Note that I've selected only freely downloadable publications, while from an
academic institution with subscription to various online services from major
scientific publishers there are literaly dozens more readily available
examples!

Of course, your definition of "real display of information" might exclude
any kind of scientific or even technical publication, thus meaning only
"business" stuff and the general press. (Though I sincerly hope that it is
not what you meant.) In that case, my objection should be disregarded.

Regards,

Gaj Vidmar, PhD
Univ. of Ljubljana, Fac. of Medicine, Inst. of Biomedical Informatics
 
J

Jon Peltier

Gaj -

I'm not an entomologist, nor have I read much on the anthropology of
monkeys. I've worked in scientific research as a metallurgist (for my
doctorate and a dozen years of employment following that), and as an
engineer in manufacturing. Maybe not the widest mathematical background, and
I'm not degreed in statistics (though I've taken a graduate level course or
three). I've encountered thousands of box and whisker charts and their
variants, but I've never seen a notched box chart used in the heat of
battle.

- Jon
-------
Jon Peltier, Microsoft Excel MVP
Tutorials and Custom Solutions
Peltier Technical Services, Inc. - http://PeltierTech.com
_______


Gaj Vidmar said:
Duh, every now and then even proved experts (even with a degree in
statistics) say something that leaves me deeply perplexed.

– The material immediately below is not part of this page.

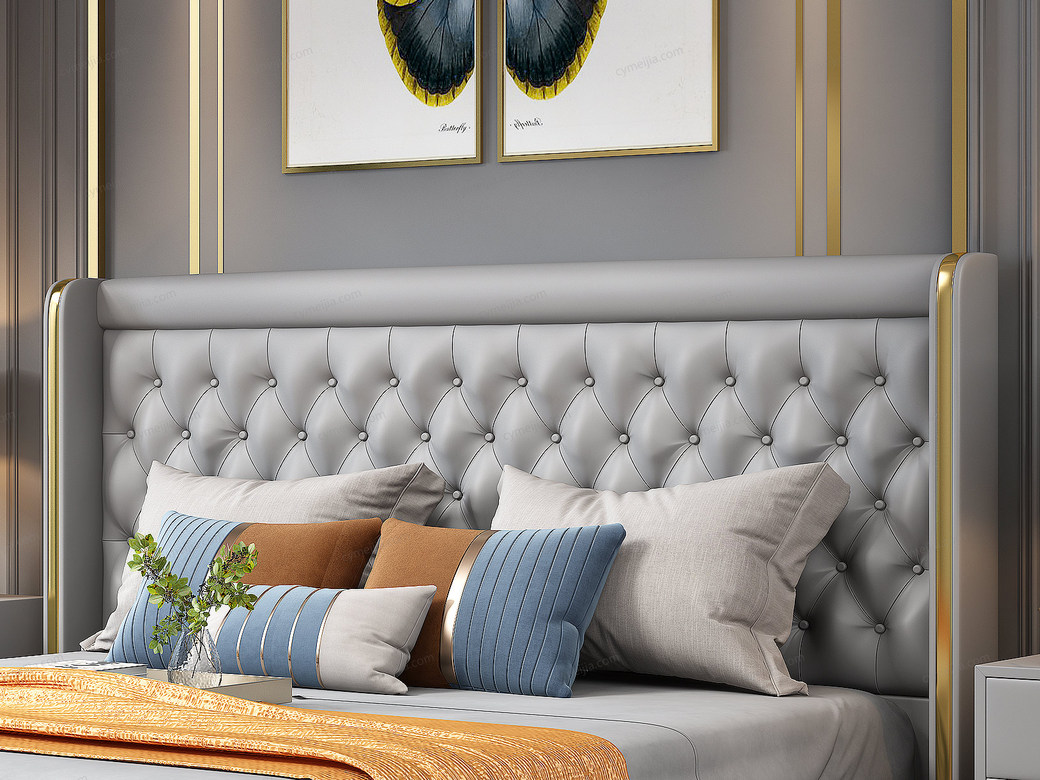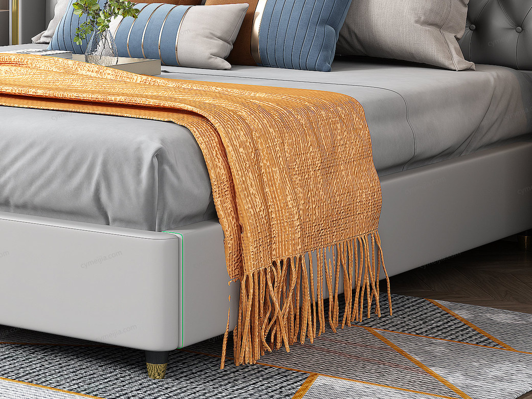 | 产品材质 : | 头层黄牛皮(接触面)+仿真皮(非接触面)+实木(床侧)+10公分松木排骨架 |

Less than five minutes of googling reveals these five fine examples:

- Exhibit 1 (electronics / mobile phone manufacturing, 1996)
http://ieeexplore.ieee.org/iel3/4031/12221/00561268.pdf?arnumber=561268

- Exhibit 2 (experimental / cognitive psychology, 1996)
http://faculty.washington.edu/jmiyamot/jmfiles/yamagishi asymmetries in strgth of pref.pdf

- Exhibit 3 (physical anthropology / monkeys, 2002)
http://www.hopkinsmedicine.org/FAE/CBR2002AJPA.pdf

- Exhibit 4 (entomology / PhD thesis on honeybee parasites, 1994)
[I mean, I've published in truly numerous fields of medicine, psychology,
statistics, computer science, nuclear physics, physiotherapy, management,
phylosophy and more and what not, but is this topic exotic or what?!]
http://doc.rero.ch/lm.php?url=1000,40,4,20050504083404-FL/2_these_RickliM.pdf

- Exhibit 5 (a physicist teaching maths presenting grade distribution at
an
exam, 2006/7)
[trust me from plenty of experience with such people that being a
physicist
and/or teaching mathematics otherwise tends to preclude knowledge and
understanding of statistics]
http://www.maths.qmul.ac.uk/~ob/MAS205_0607/moddocs/stats.pdf

[if URLs are broken across lines, please put them together in your
browser]

Note that I've selected only freely downloadable publications, while from
an
academic institution with subscription to various online services from
major
scientific publishers there are literaly dozens more readily available
examples!

Of course, your definition of "real display of information" might exclude
any kind of scientific or even technical publication, thus meaning only
"business" stuff and the general press. (Though I sincerly hope that it is
not what you meant.) In that case, my objection should be disregarded.

Regards,

Gaj Vidmar, PhD
Univ. of Ljubljana, Fac. of Medicine, Inst. of Biomedical Informatics

Jon Peltier said:
Del -

Your chart allows plenty of different quantities to be shown, but I suspect
it may become cluttered, and at least for now, it's unfamiliar, and
forces a
lot of back and forth between the chart and the legend. Don't knock a
"familiar idiom".

The box plot is pretty much self-explanatory especially since it is
familiar, and the difference between the box itself and the whiskers is
immediately recognizable (compared to your multiple error bars colored
different shades of gray, which is slower to be interpreted). If you
could
make whiskers of various line lengths, that might help.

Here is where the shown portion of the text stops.